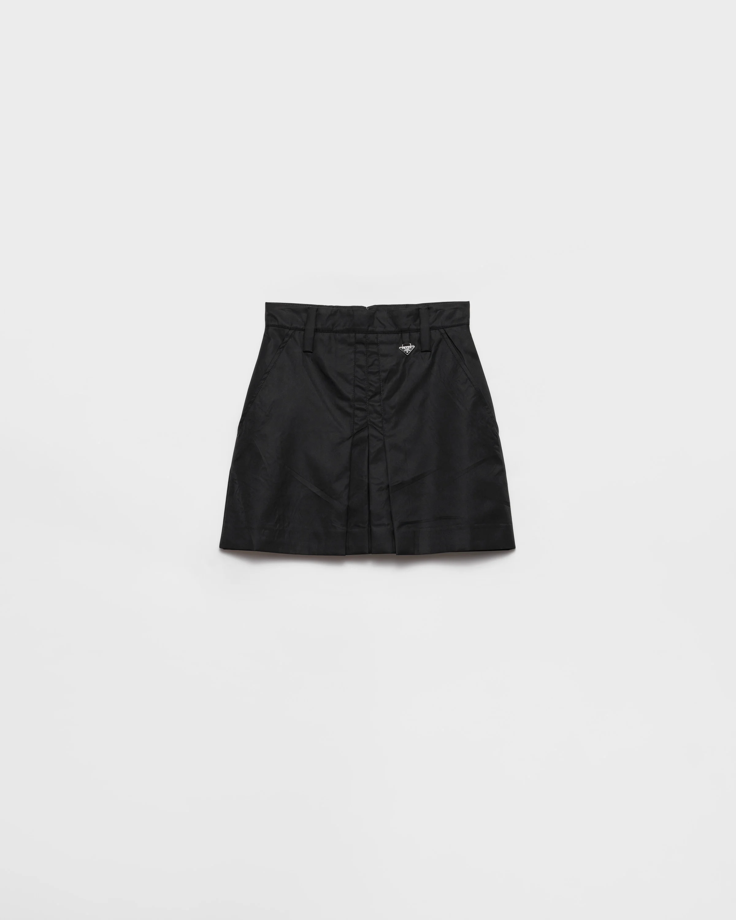 This Re-Nylon miniskirt with hybrid style combines feminine allure with the functional, sporty character of regenerated nylon. The style with pleats on the front and back is decorated with the iconic enameled metal triangle logo. For sustainable care to preserve the product's characteristics and reduce microfiber shedding, we recommend not washing the item too often. Let the product air out after every use and have it dry cleaned at a specialized ecological dry cleaners. - Product code: 21Y009_1WQ8_F0002_S_OOO - Lined garment - Zipper closure - Enameled metal triangle logo - Angled slash pockets - Waistband with belt loops - Front and back pleats - Pressed garment - Imported - The model is 180 cm tall and wears a size 38 MATERIALS Main material: 100% recycled polyamide
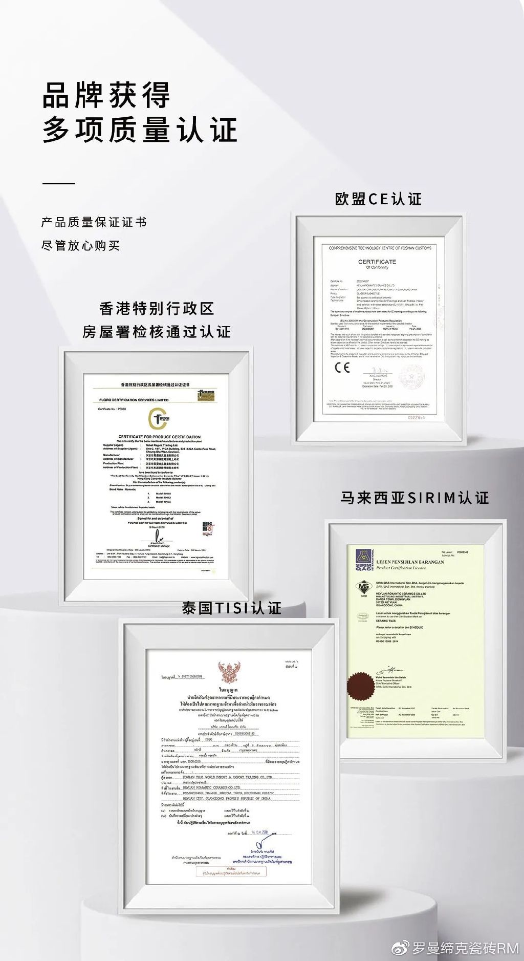 作为行业特色瓷砖的领导品牌,罗曼缔克瓷砖对特色瓷砖的研发与生产,已得到不少国内外贸易商的认可与支持。早在2015年,ROMANTIC就通过了香港特别行政区房屋署检核通过认证及欧盟CE产品质量认证;又在2017年先后通过马来西亚SIRIM认证及泰国TISI认证;
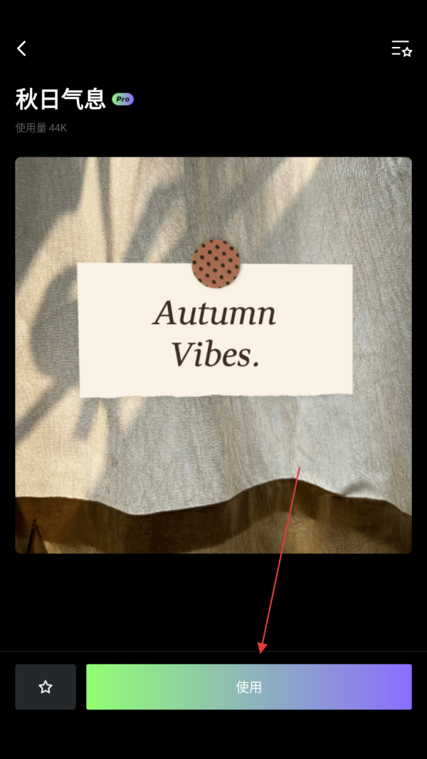 3、在素材详情页面,点击【使用】,进入素材应用页面。
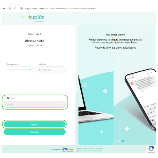 Digita la clave con la que ingresas a Banca Móvil o la App Banco Popular y da clic en "ingresar". Listo ya haz ingresado a tu portal de tuplús!
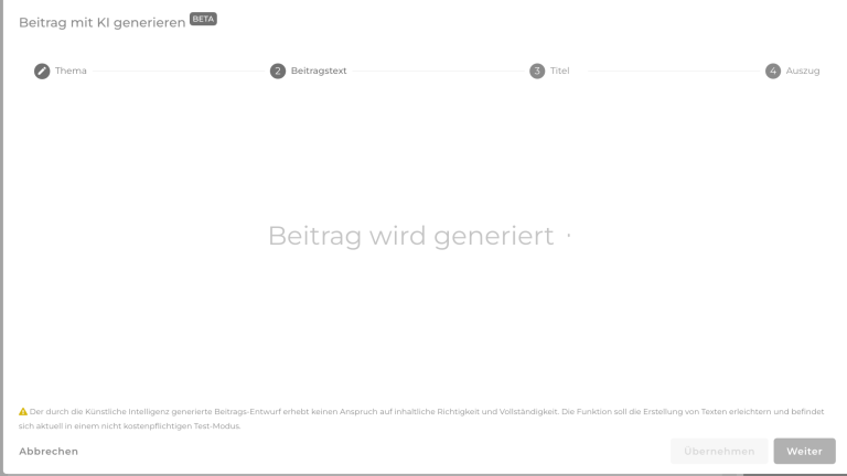 Hast du Weiter gewählt, wird dir im nächsten Feld der Beitragstitel generiert. Warte, bis dieser geladen ist und erscheint und klicke auf Weiter, wenn du einen Auszug generieren lassen willst oder auf Übernehmen, wenn du den Auszug selbst formulieren möchtest.

□ □ □ □

- **Work request**:
The required output is the exact run of lines from the start of the records through the line containing "作为行业特色瓷砖的领导品牌,罗曼缔克瓷砖", both ends included, with no pictures.

- **Reply to the exercise**:
 This Re-Nylon miniskirt with hybrid style combines feminine allure with the functional, sporty character of regenerated nylon. The style with pleats on the front and back is decorated with the iconic enameled metal triangle logo. For sustainable care to preserve the product's characteristics and reduce microfiber shedding, we recommend not washing the item too often. Let the product air out after every use and have it dry cleaned at a specialized ecological dry cleaners. - Product code: 21Y009_1WQ8_F0002_S_OOO - Lined garment - Zipper closure - Enameled metal triangle logo - Angled slash pockets - Waistband with belt loops - Front and back pleats - Pressed garment - Imported - The model is 180 cm tall and wears a size 38 MATERIALS Main material: 100% recycled polyamide
 作为行业特色瓷砖的领导品牌,罗曼缔克瓷砖对特色瓷砖的研发与生产,已得到不少国内外贸易商的认可与支持。早在2015年,ROMANTIC就通过了香港特别行政区房屋署检核通过认证及欧盟CE产品质量认证;又在2017年先后通过马来西亚SIRIM认证及泰国TISI认证;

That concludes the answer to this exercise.